Deglutition Syncope: A Manifestation of Vagal Hyperactivity Following Carotid Enarterectomy

BACKGROUND: Transient hypotension and bradycardia following carotid endarterectomy (CEA) is related to increased barorecptor activity at the carotid bifurcation. These symptoms, mediated by afferent impulses through the nerve of Hering, result from increased vagal activity. We report a case of deglutition syncope following carotid endarterectomy.
CASE: A 61 year-old man presented with left amarousis fugax and bilateral >80% internal carotid artery stenoses. Past surgical history was significant for a right CEA 12 years previously. An uneventful left CEA was performed and upon completion of the procedure, he was hemodynamically stable and without neurologic deficits. On the first postoperative day, the patient experienced crushing chest pain, bradycardia, hypotension and bilateral vision loss as he began to eat breakfast. ECG, CT scan with PE protocol, cardiac isoenzymes, and echocardiogram were normal. His blood pressure, chest pain and vision loss responded initially to administration of pressors. Over the next day, he developed similar symptoms each time he attempted to eat. With initiation of anticholenergic medication, he was able to eat without symptoms. A barium swallow was obtained and was normal. The patient’s symptoms resolved and he was taken off the anticholenergic medication. Three months later, the patient underwent an uneventful right CEA. He was hemodynamically and neurologically stable during the procedure and postoperatively. The morning following his endarterectomy, he again developed diaphoresis, hypotension and tachycardia when eating breakfast.
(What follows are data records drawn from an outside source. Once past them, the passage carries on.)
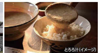
とろろ汁(イメージ)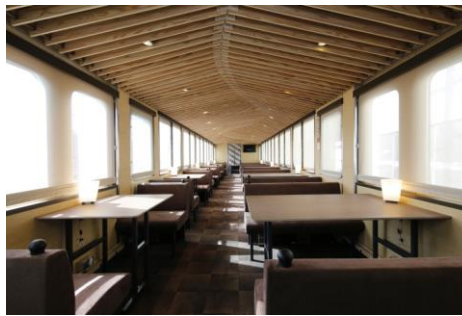
車両内観(4号車)イメージ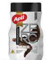
14792 ACHOCOLATADO APTI ZEROPT | 1X210GR 7896327515296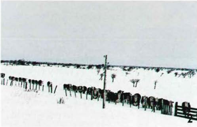
La variabilidad del clima tiene que ser considerada en el diseño de la estrategia de pastoreo. 1.- Aguada seca (veranada 1990). 2.- 80 días bajo nieve (invierno de 1995).

coironal, que ocupa más de la mitad de la Patagonia, la producción animal se sustenta en la escasa vegetación que crece entre el coirón, llamada cojín. El coirón es rechazado, mientras exista cojín, pero si es talajeado con frecuencia su capacidad de recuperación es muy débil y termina por desaparecer.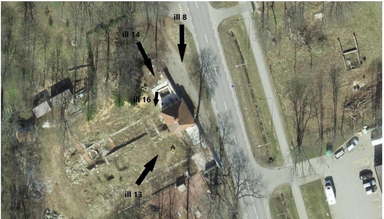
18. Töös kasutatud fotode pildistamise suunad. Autori töötlus.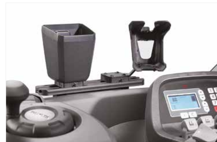
Système de fixation des équipements auxiliaires E-bar disponible en option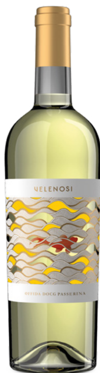
OFFIDA DOCG PASSERINA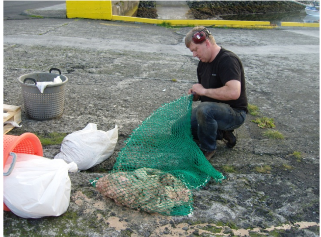
Mynd 2 Slóg í netapoka. Á myndinni er verið að lkoa poka sem í eru um 15 kg af slógi

Útbúnir voru netapokar sem rúmuðu sýnin, með 20 mm, 30 mm og 45 mm möskvastærðum svo að aðgangur fiska og botndýra væri misgreiður. Sýnin voru sett í netapokana í landi og þau vigtuð og ljósmynduð. Þrír mismunandi sýnapokar voru festir saman og netasteinar settir á sinn hvorn endann til að halda sýnunum föstum á

The patient was restarted on anticholenergic medications and all symptoms resolved within 48 hours.
RESULTS: The patient has been seen in follow up. He has had no further episodes of deglutition syncope or other neurologic symptoms. His endarterectomy sites are widely patent.
CONCLUSIONS: Increased vagal tone following CEA, mediated by hypersensitivity of the barroreceptors of the carotid sinus, is well described. The nerve of Hering, an afferent branch of the glossopharyngeal nerve, synapses with efferent fibers of the vagus nerve in the nucleus tractus solitanius within the medulla. The glossopharyngeal nerve also transmits afferent impulses from the esophagus. We hypothesize that following CEA, our patient had a transient increase in afferent activity to the nucleus tractus solitanius related to changes of the carotid barorecptor. With additional glossopharyngeal afferent activity associated with swallowing, he developed deglutition syncope. Deglutition syncope is felt to be an unusual manifestation of vasovagal episodes and usually has been reported in association with esophageal, cardiac, and thoracic aortic abnormalities. This patient is the first case of deglutition syncope reported following carotid endarterectomy. Because deglutition syndrome can be associated with esophageal abnormalities, a barium swallow should be obtained. Clinicians should be aware of and know how to address this rare complication of CEA.